I've a small Angular application deployed to Firebase. There're only 2 users. The users are authenticated with their emails addresses. I'm able to get the user data in my Angular application.
In the development phase I've used the following Realtime Database rule:
{
"rules": {
".read": true,
".write": true
}
}
Naturally, I'd like to make the full database only readable and writeable for that 2 users.
I've tried to set up the following rules:
{
"rules": {
".read": "auth.uid !== null",
".write": "auth.uid !== null"
}
}
As expected, I receive a 401 error.
My question would be, that how should I send the uid from within the Angular app endpoint requests?
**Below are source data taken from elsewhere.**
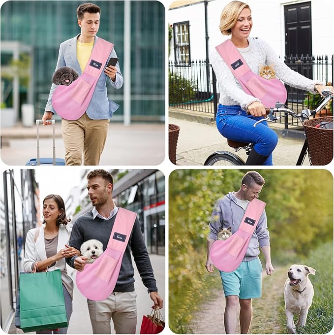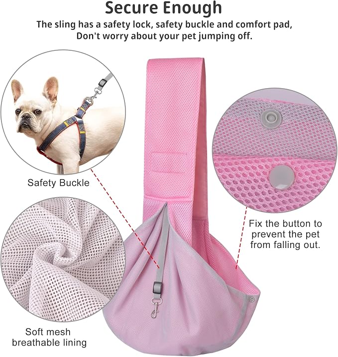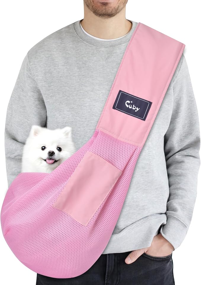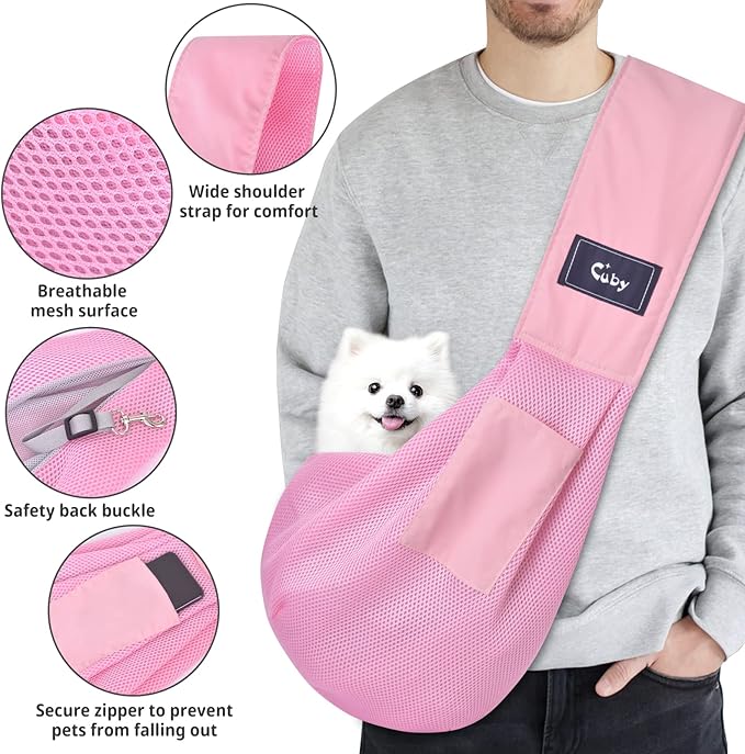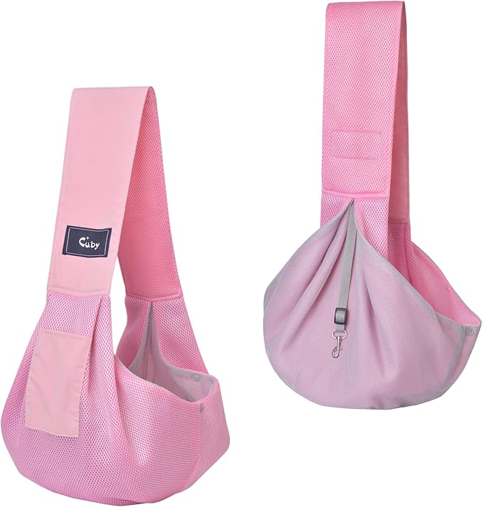 CUBY Dog and Cat Sling Carrier, Hands Free Reversible Pet Papoose Bag, Soft Pouch Adjustable, Suitable for Puppy Cats for Outdoor Travel (Pink Mesh, one Size mesh)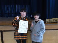 最後に校長先生、教頭先生からメダルをかけてもらいました。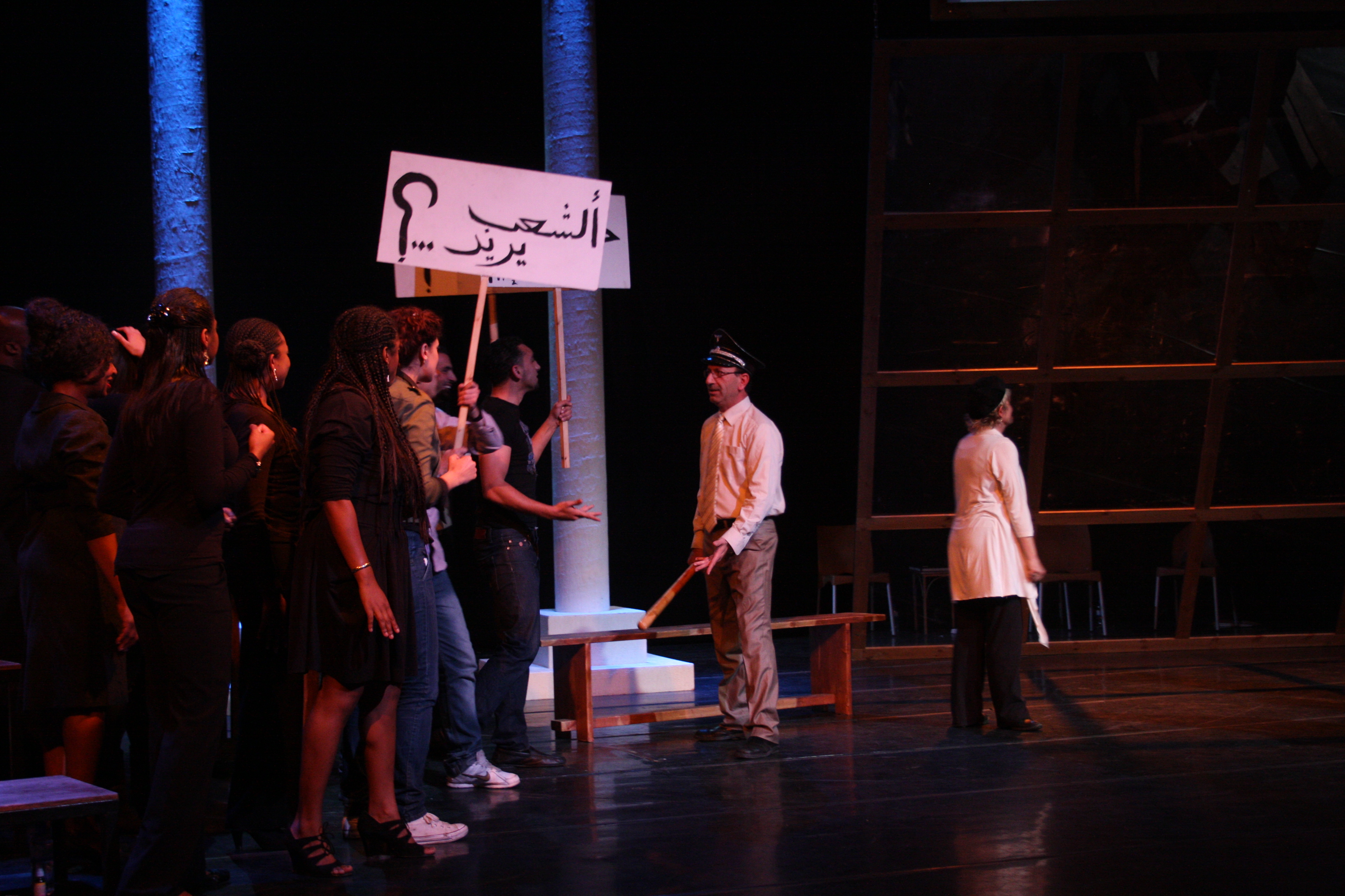 صورة ملونة من عرض مسرحية "محطات مارتن لوثر كنغ" في مسرح وسينماتك القصبة خلال مهرجان أيام المنارة المسرحية عام 2011.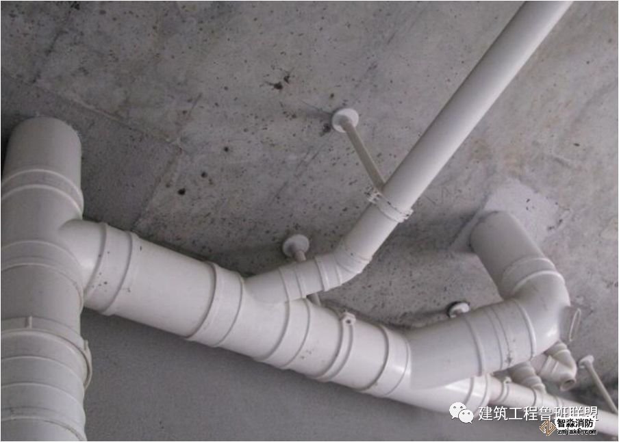 用于室內排水的水平管道與水平管道、水平管道與立管的連接,應采用45°三通或45°四通和90°斜三通或90°斜四通,封堵止水環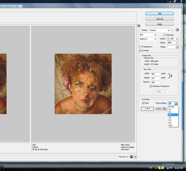 En la parte superior derecha, marque la casilla Animate. En la parte inferior, seleccione la velocidad a la que desea que la animación (seleccioné 0,5 segundos) y marcar la casilla Loop.

I've tried sending it via path param, like:
this.http.get(`https://myappname.firebaseio.com/data.json?auth=${uid}`).toPromise();
But passing the logged in user's uid like this won't work. Should I send it with http headers? If yes, what should be the proper syntax?
Or do I need to send anything? Maybe I just need a better realtime database rule?
Edit:
I was able to retrieve the tokenId with the auth service's constructor.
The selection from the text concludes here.